US Supreme Court will not step into Demjanjuk Case

The Justice Department said May 19 that an alleged former Nazi death camp guard has exhausted all legal avenues for trying to remain in the United States and the government remains committed to deporting him. The department commented after the Supreme Court refused to step into the case of 88-year-old John Demjanjuk.

A 2005 deportation order would send Demjanjuk to Germany, Poland or his native Ukraine. The Justice Department has not indicated whether those nations are  willing to accept him.

Demjanjuk lives a secluded life in a modest, ranch-style house in a residential neighborhood with his wife, Vera. They keep a no-trespassing sign in their front yard. Their son, John Demjanjuk Jr., said the family has no comment. He refused a request asking to speak directly with his father.

A message seeking comment was left for Demjanjuk’s lawyer, John Broadley.

A judge ruled in 2002 that documents from World War II prove Demjanjuk was a Nazi guard at various death or forced labour camps.

In January, a three-judge panel of the 6th US Circuit Court of Appeals in Cincinnati rejected Demjanjuk’s challenge to the deportation order.

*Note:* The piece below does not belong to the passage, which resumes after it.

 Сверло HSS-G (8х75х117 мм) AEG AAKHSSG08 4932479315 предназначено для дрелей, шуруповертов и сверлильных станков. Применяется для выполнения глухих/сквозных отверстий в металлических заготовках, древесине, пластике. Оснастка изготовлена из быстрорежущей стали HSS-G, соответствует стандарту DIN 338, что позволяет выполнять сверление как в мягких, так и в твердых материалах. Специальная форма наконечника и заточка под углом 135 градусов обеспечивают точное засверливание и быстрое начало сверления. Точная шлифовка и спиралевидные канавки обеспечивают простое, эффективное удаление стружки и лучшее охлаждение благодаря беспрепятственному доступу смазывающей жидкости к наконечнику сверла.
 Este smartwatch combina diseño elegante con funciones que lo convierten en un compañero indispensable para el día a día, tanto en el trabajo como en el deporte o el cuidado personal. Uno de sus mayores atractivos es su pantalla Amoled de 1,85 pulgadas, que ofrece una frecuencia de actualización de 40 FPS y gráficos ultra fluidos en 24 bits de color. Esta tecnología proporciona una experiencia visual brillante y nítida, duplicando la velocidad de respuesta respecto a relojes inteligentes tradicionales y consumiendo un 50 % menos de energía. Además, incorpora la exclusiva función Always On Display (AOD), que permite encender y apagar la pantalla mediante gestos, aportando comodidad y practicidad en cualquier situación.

Demjanjuk’s attorney had argued that the chief immigration judge who issued the order was just an administrative official and not entitled to act as an immigration judge.

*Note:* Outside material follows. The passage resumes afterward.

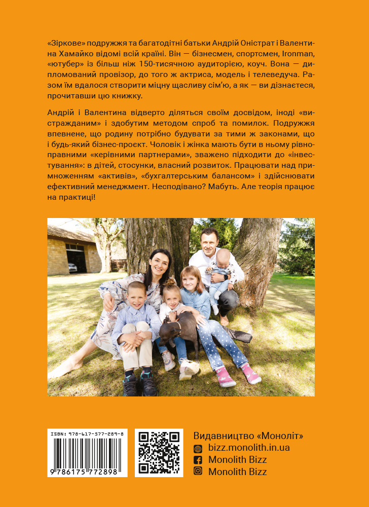 Хочете відкрити найважливіші секрети створення щасливої родини? А розібратися в тому, як виростити здорових, відповідальних, усебічно розвинених і адаптованих до життя в соціумі дітей? Тоді книга Андрія Оністрата, відомого спортсмена і бізнесмена, автора мотиваційних книг і роликів, і його дружини Валентини Хамайко, популярної телеведучої та дивовижної матері чотирьох чудових дітей, — саме те, що вам потрібно.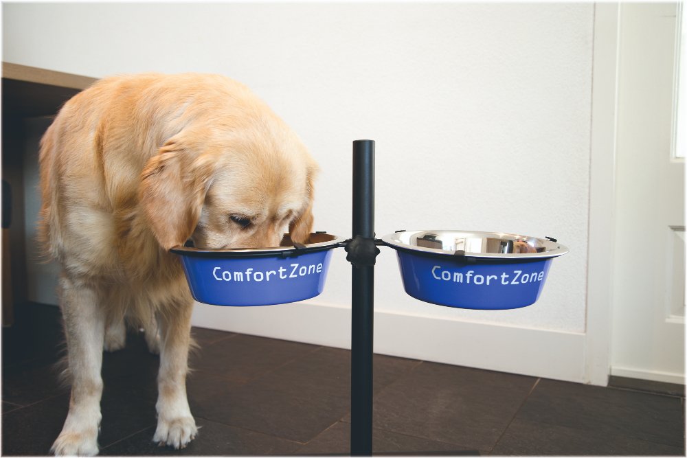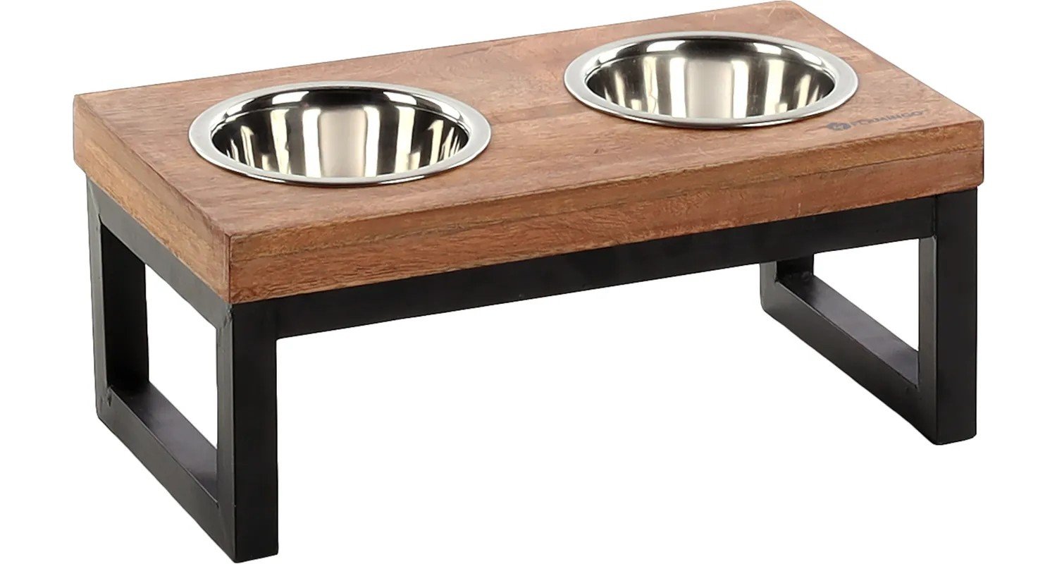 Stojan na misky pro větší a velké psy je výškově nastavitelný, takže si můžete vybrat tu správnou pozici pro Vašeho nejlepšího kamaráda. Pes se nemusí ohýbat, žere přirozeně a má k ispozici krmivo (granule, vlhké krmivo) a dostatek vody. Zabrání i přístupu škůdců po zemi a kontaminaci. Stojan má navíc na spodní straně gumové protiskluzové krytky, které zabraňují klouzání a chrání Vaši podlahu před poškrábáním. Misky z nerezové oceli lze mýt v myčce. Stylové stojan se 2 nerezovými miskami jednou na krmivo a druhou na vodu a mohou být v moderní kombinaci kov, nerez kov nebo třeba mangové dřevo.

On May 19, Demjanjuk’s name was on a list of petitioners to the Supreme Court who were unsuccessful in getting the justices to hear their cases.

In 1993, Israel’s Supreme Court ruled that Demjanjuk was not “Ivan the Terrible,” leading to his release from prison. 

Demjanjuk contends that he served in the Soviet Army, was captured by Germany in 1942 and became a prisoner of war.